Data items

★ ★ ★ ★ ★

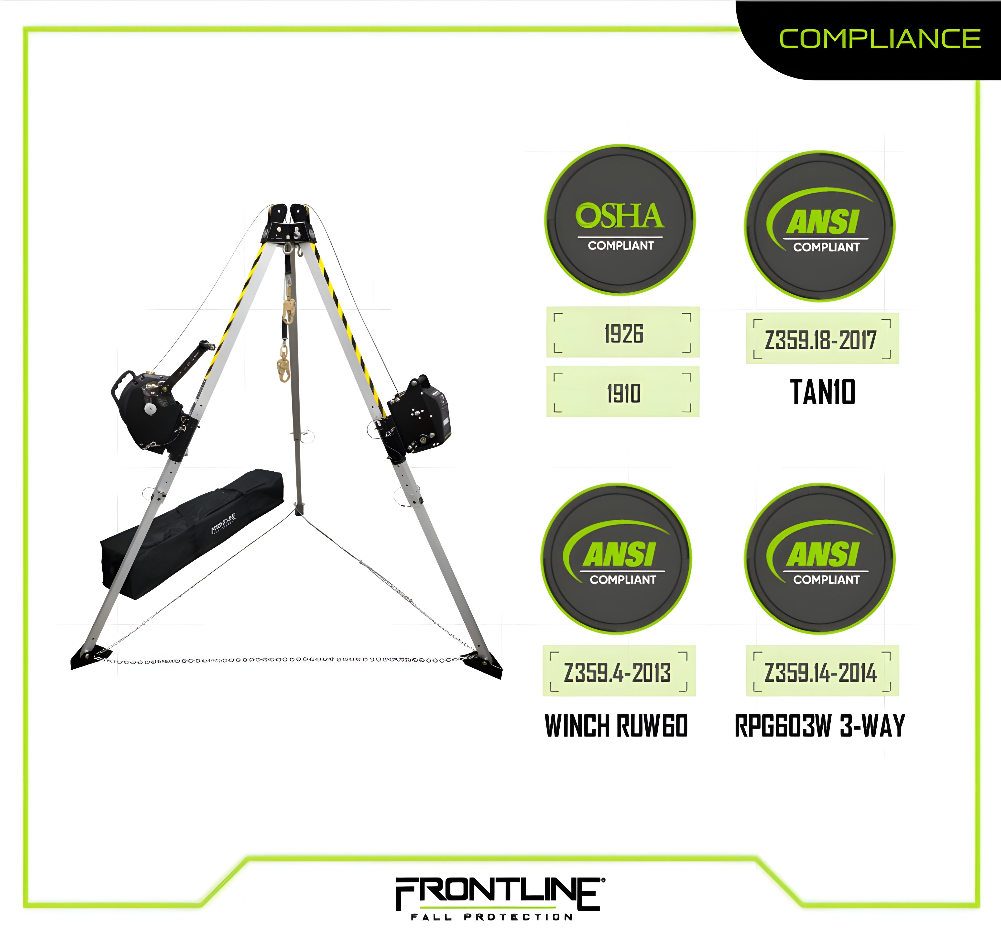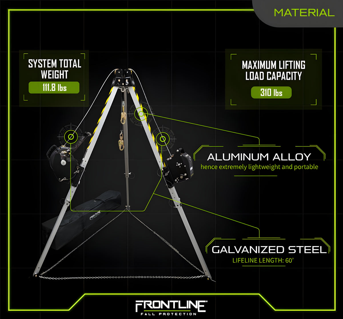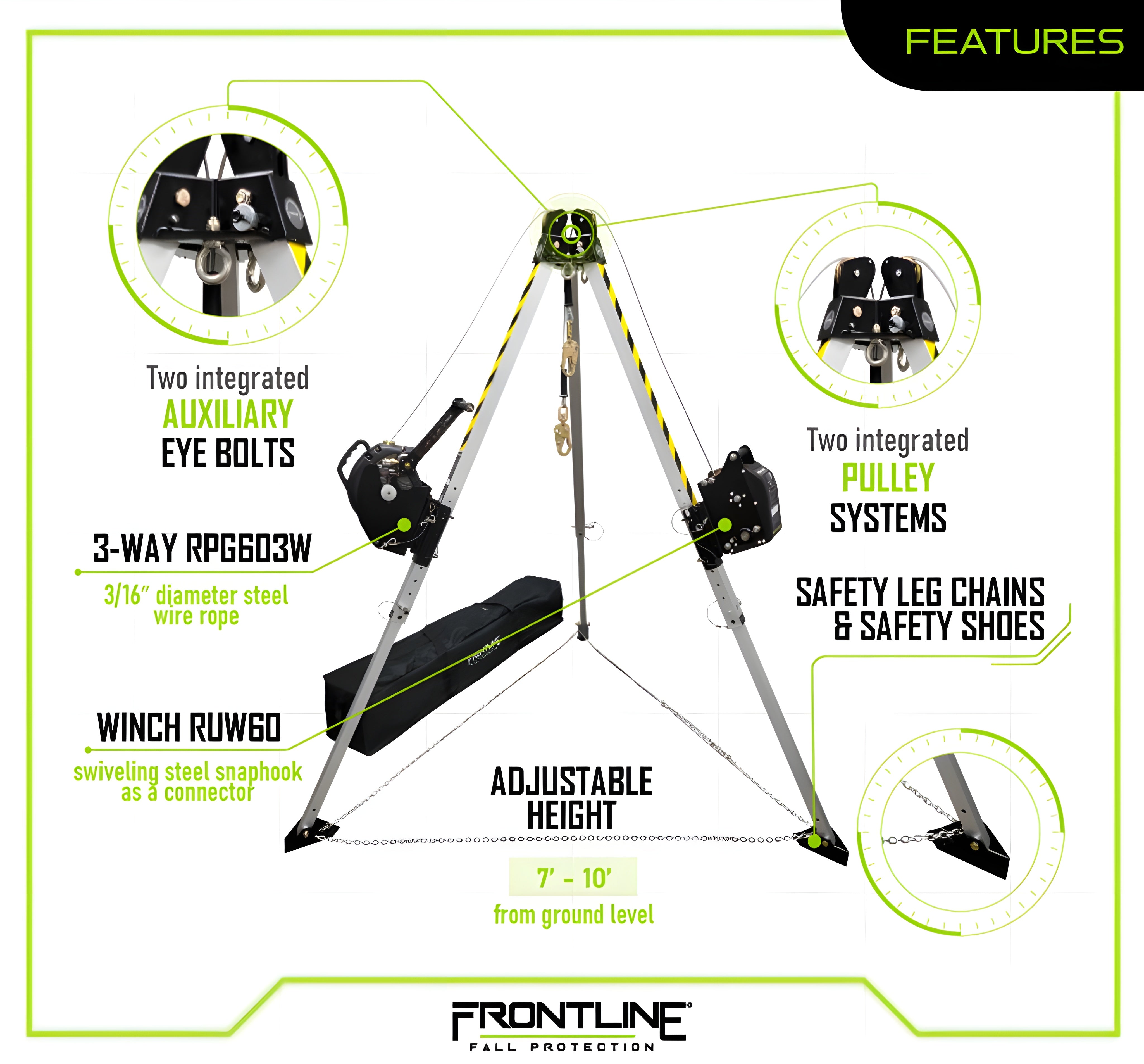 The Frontline MEGApod TAN10RURP Confined Space Tripod System delivers a reliable and portable solution for safe entry, rescue, and retrieval operations in confined space environments. Constructed from lightweight yet durable aluminum, the tripod can be quickly set up by a single user without the need for tools, while its rugged design ensures dependable performance on demanding worksites.
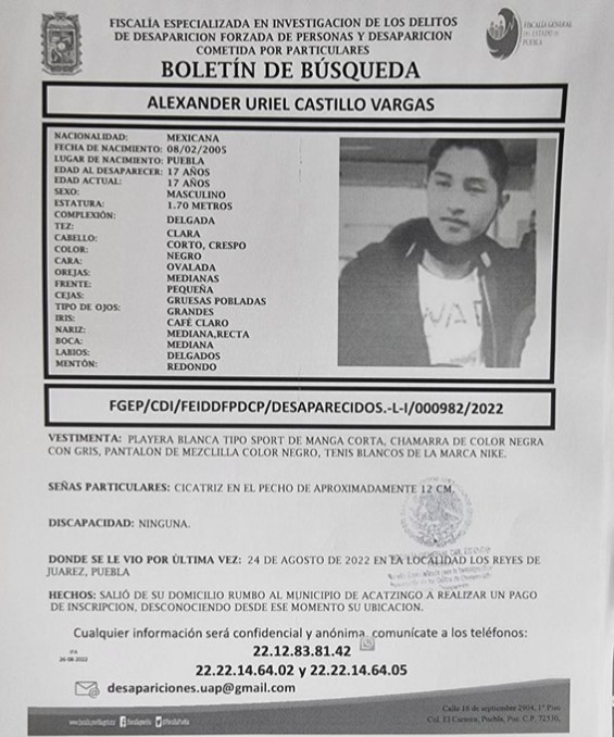 Los Reyes de Juárez, Pue.- Amigos y familiares buscan a Alexander Uriel Castillo Vargas, de 17 años de edad, quien desapareció el pasado 24 de agosto cuando salió del municipio de Los Reyes de Juárez para dirigirse al municipio de Acatzingo con el fin de pagar su inscripción.
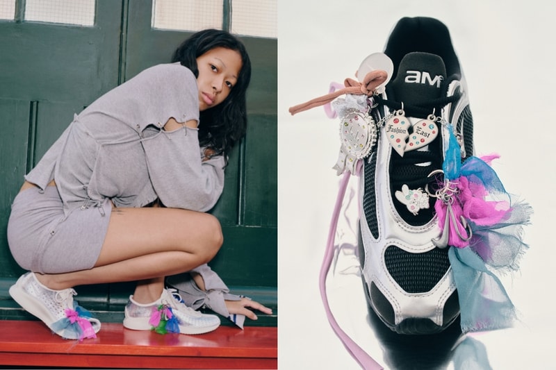 From Williams, you can expect cartoon silver bunnies complete with pink bows to attach to the front of your laces. Jawara Alleyne provides a pop of color with mesh tulle bows in bright pink, blue and green that can dangle from the side of your shoe, while HRH designed long pink elastic bows with a metal ribbon crest for a hardware addition. Check out the adorable campaign images above, shot by Carly Scott and styled by Lola Chatterton.
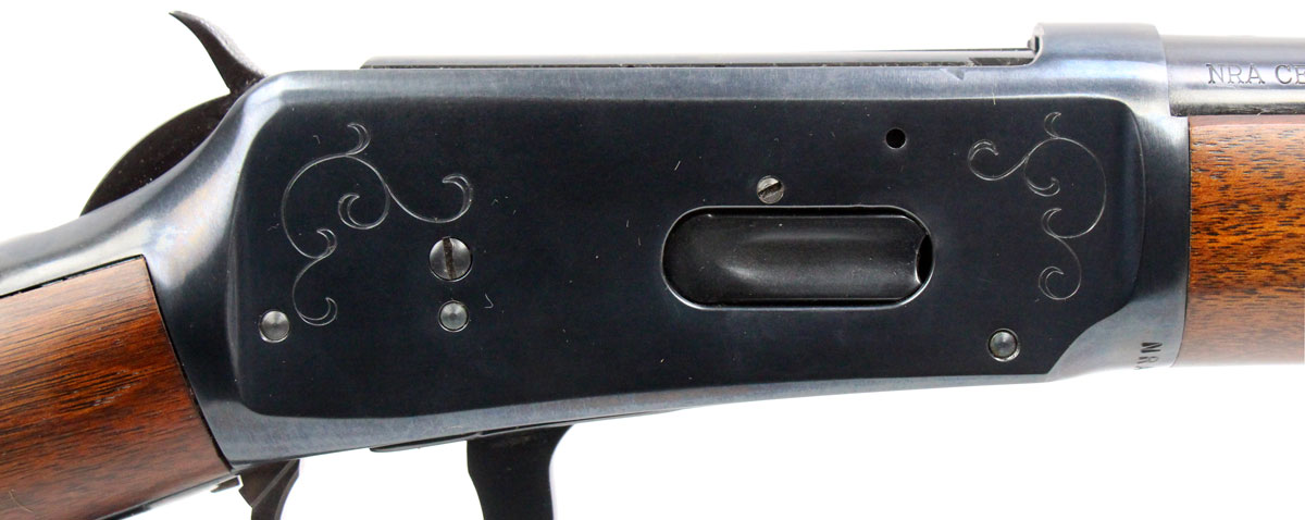 This is a collectible Winchester 94 NRA Centennial Musket rifle chambered in 30-30 Winchester. It features a 26-inch round barrel, 7-round capacity, folding ladder rear sight, sling swivels and full length walnut stock with decorative medallion. Includes factory box, instruction manual, hang tag, and certificate of authenticity. Overall, this Winchester is in good condition with some handling wear on the stock. Bore condition is good with crisp rifling. This would be a good choice for Winchester collectors. Buy online today!
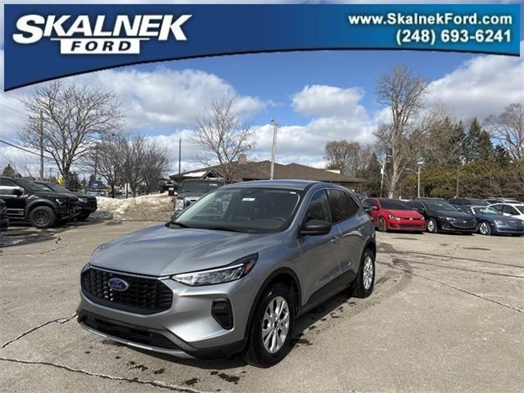 Recent Arrival! AWD. Certified. 2023 Ford Escape Active Iconic Silver Metallic Ford Blue Certified Details: * Transferable Warranty * Warranty Deductible: $100 * and 11,000 FordPass Rewards Points to use toward first maintenance visit * Vehicle History * Limited Warranty: 3 Month/4,000 Mile (whichever comes first) after new car warranty expires or from certified purchase date * Roadside Assistance * 139 Point Inspection Equipment Group 200A, Ford Blue Certified Certified, AWD, 3.81 Axle Ratio, 4-Wheel Disc Brakes, 6 Speakers, ABS brakes, Air Conditioning, Alloy wheels, AM/FM radio: SiriusXM, AM/FM Stereo, Auto High-beam Headlights, Automatic temperature control, Brake assist, Bumpers: body-color, Compass, Delay-off headlights, Driver door bin, Driver vanity mirror, Dual front impact airbags, Dual front side impact airbags, Electronic Stability Control, Emergency communication system: SYNC 4 911 Assist, Exterior Parking Camera Rear, FordPass Connect, Four wheel independent suspension, Front anti-roll bar, Front Bucket Seats, Front Center Armrest, Front dual zone A/C, Front reading lights, Fully automatic headlights, Heated door mirrors, Heated front seats, Heated steering wheel, Illuminated entry, Knee airbag, Low tire pressure warning, Occupant sensing airbag, Outside temperature display, Overhead airbag, Overhead console, Panic alarm, Passenger door bin, Passenger vanity mirror, Power door mirrors, Power driver seat, Power Liftgate, Power steering, Power windows, Radio data system, Rear anti-roll bar, Rear reading lights, Rear seat center armrest, Rear window defroster, Rear window wiper, Remote keyless entry, Speed control, Speed-sensing steering, Speed-Sensitive Wipers, Split folding rear seat, Spoiler, Steering wheel mounted audio controls, SYNC 4, Tachometer, Telescoping steering wheel, Tilt steering wheel, Traction control, Trip computer, Unique Cloth Front Bucket Seats, Variably intermittent wipers, and Wheels: 17 Shadow Silver-Painted Aluminum. 26/32 City/Highway MPG Skalnek Ford has made several enhancements to our dealership sales practices to continue providing our customers the service and experience they deserve. Ability for complete online shopping experience with the new ExpressQuote shopping tool. Remote e-contracting for most vehicle transactions available. Value your trade online with KBB Instant Cash Offer. Our dedicated and professional sales staff is always waiting via phone, text, or chat to assist you.
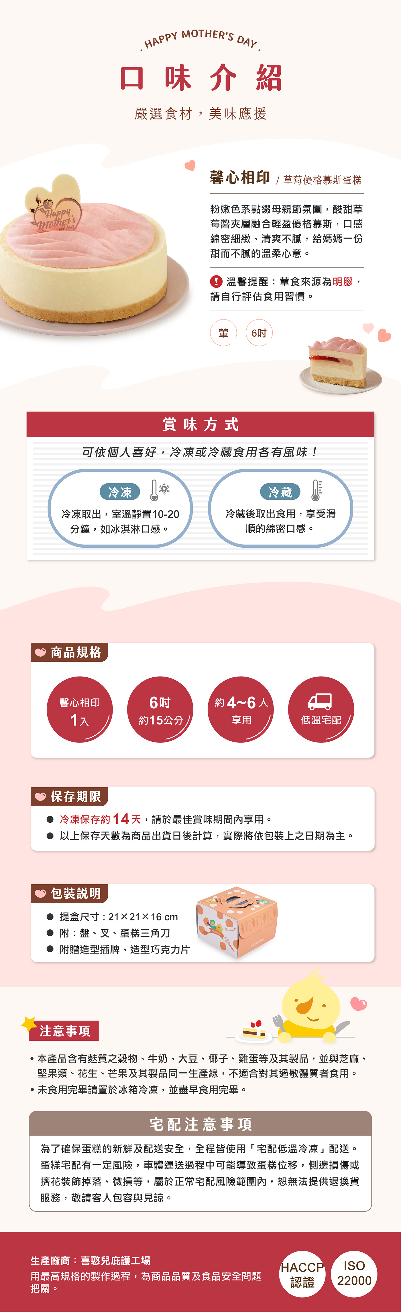 ✦內容物:馨心相印.草莓優格慕斯蛋糕6吋x1
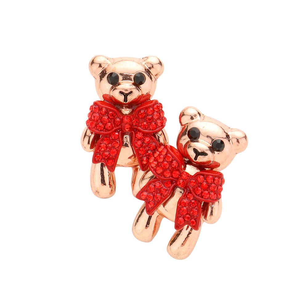 Details • Size : 0.5" X 1" • Post Back • Adorable teddy bear earrings accented with sparkling bows bring a playful yet stylish touch to your look. Perfect for festive occasions, casual outings, or gifting, these cute bear-shaped studs add charm and fun personality to any outfit, making them a delightful accessory choice. • Lead and Nickel Compliant
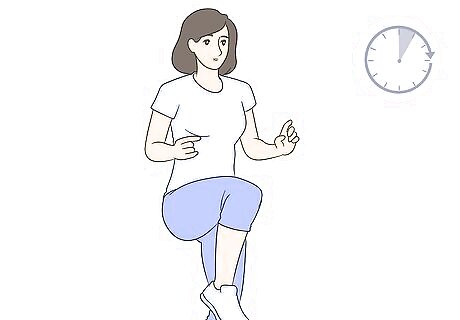 Warm up with 5 minutes of cardio activity. Before you stretch, warm up your whole body with cardio exercise. Choose an exercise that you enjoy. For instance, do 5 minutes of jumping jacks, walking, jogging, dancing, or aerobics to get your blood pumping. If you do static stretches with cold muscles, it actually increases your risk of injury. Always do a few minutes of cardio first.
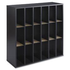 Sturdy Mail Sorter is made of 5/8" compressed wood with adjustable hardboard dividers that form separate compartments. Large sorting slots accommodate oversized envelopes. Durable laminate finish will complement any setting. Black plastic molding provides an eye-catching accent to the finish while providing a place for the included labels. Stack up to two high to increase sorting capability. Solid fiberboard back provides stability.

★ ★ ★ ★ ★

→ Work instructions
Copy each line of the records precisely and drop any images they hold.

→ Answer to the problem
 The Frontline MEGApod TAN10RURP Confined Space Tripod System delivers a reliable and portable solution for safe entry, rescue, and retrieval operations in confined space environments. Constructed from lightweight yet durable aluminum, the tripod can be quickly set up by a single user without the need for tools, while its rugged design ensures dependable performance on demanding worksites.
 Los Reyes de Juárez, Pue.- Amigos y familiares buscan a Alexander Uriel Castillo Vargas, de 17 años de edad, quien desapareció el pasado 24 de agosto cuando salió del municipio de Los Reyes de Juárez para dirigirse al municipio de Acatzingo con el fin de pagar su inscripción.
 From Williams, you can expect cartoon silver bunnies complete with pink bows to attach to the front of your laces. Jawara Alleyne provides a pop of color with mesh tulle bows in bright pink, blue and green that can dangle from the side of your shoe, while HRH designed long pink elastic bows with a metal ribbon crest for a hardware addition. Check out the adorable campaign images above, shot by Carly Scott and styled by Lola Chatterton.
 This is a collectible Winchester 94 NRA Centennial Musket rifle chambered in 30-30 Winchester. It features a 26-inch round barrel, 7-round capacity, folding ladder rear sight, sling swivels and full length walnut stock with decorative medallion. Includes factory box, instruction manual, hang tag, and certificate of authenticity. Overall, this Winchester is in good condition with some handling wear on the stock. Bore condition is good with crisp rifling. This would be a good choice for Winchester collectors. Buy online today!
 Recent Arrival! AWD. Certified. 2023 Ford Escape Active Iconic Silver Metallic Ford Blue Certified Details: * Transferable Warranty * Warranty Deductible: $100 * and 11,000 FordPass Rewards Points to use toward first maintenance visit * Vehicle History * Limited Warranty: 3 Month/4,000 Mile (whichever comes first) after new car warranty expires or from certified purchase date * Roadside Assistance * 139 Point Inspection Equipment Group 200A, Ford Blue Certified Certified, AWD, 3.81 Axle Ratio, 4-Wheel Disc Brakes, 6 Speakers, ABS brakes, Air Conditioning, Alloy wheels, AM/FM radio: SiriusXM, AM/FM Stereo, Auto High-beam Headlights, Automatic temperature control, Brake assist, Bumpers: body-color, Compass, Delay-off headlights, Driver door bin, Driver vanity mirror, Dual front impact airbags, Dual front side impact airbags, Electronic Stability Control, Emergency communication system: SYNC 4 911 Assist, Exterior Parking Camera Rear, FordPass Connect, Four wheel independent suspension, Front anti-roll bar, Front Bucket Seats, Front Center Armrest, Front dual zone A/C, Front reading lights, Fully automatic headlights, Heated door mirrors, Heated front seats, Heated steering wheel, Illuminated entry, Knee airbag, Low tire pressure warning, Occupant sensing airbag, Outside temperature display, Overhead airbag, Overhead console, Panic alarm, Passenger door bin, Passenger vanity mirror, Power door mirrors, Power driver seat, Power Liftgate, Power steering, Power windows, Radio data system, Rear anti-roll bar, Rear reading lights, Rear seat center armrest, Rear window defroster, Rear window wiper, Remote keyless entry, Speed control, Speed-sensing steering, Speed-Sensitive Wipers, Split folding rear seat, Spoiler, Steering wheel mounted audio controls, SYNC 4, Tachometer, Telescoping steering wheel, Tilt steering wheel, Traction control, Trip computer, Unique Cloth Front Bucket Seats, Variably intermittent wipers, and Wheels: 17 Shadow Silver-Painted Aluminum. 26/32 City/Highway MPG Skalnek Ford has made several enhancements to our dealership sales practices to continue providing our customers the service and experience they deserve. Ability for complete online shopping experience with the new ExpressQuote shopping tool. Remote e-contracting for most vehicle transactions available. Value your trade online with KBB Instant Cash Offer. Our dedicated and professional sales staff is always waiting via phone, text, or chat to assist you.
 ✦內容物:馨心相印.草莓優格慕斯蛋糕6吋x1
 Details • Size : 0.5" X 1" • Post Back • Adorable teddy bear earrings accented with sparkling bows bring a playful yet stylish touch to your look. Perfect for festive occasions, casual outings, or gifting, these cute bear-shaped studs add charm and fun personality to any outfit, making them a delightful accessory choice. • Lead and Nickel Compliant
 Warm up with 5 minutes of cardio activity. Before you stretch, warm up your whole body with cardio exercise. Choose an exercise that you enjoy. For instance, do 5 minutes of jumping jacks, walking, jogging, dancing, or aerobics to get your blood pumping. If you do static stretches with cold muscles, it actually increases your risk of injury. Always do a few minutes of cardio first.
 Sturdy Mail Sorter is made of 5/8" compressed wood with adjustable hardboard dividers that form separate compartments. Large sorting slots accommodate oversized envelopes. Durable laminate finish will complement any setting. Black plastic molding provides an eye-catching accent to the finish while providing a place for the included labels. Stack up to two high to increase sorting capability. Solid fiberboard back provides stability.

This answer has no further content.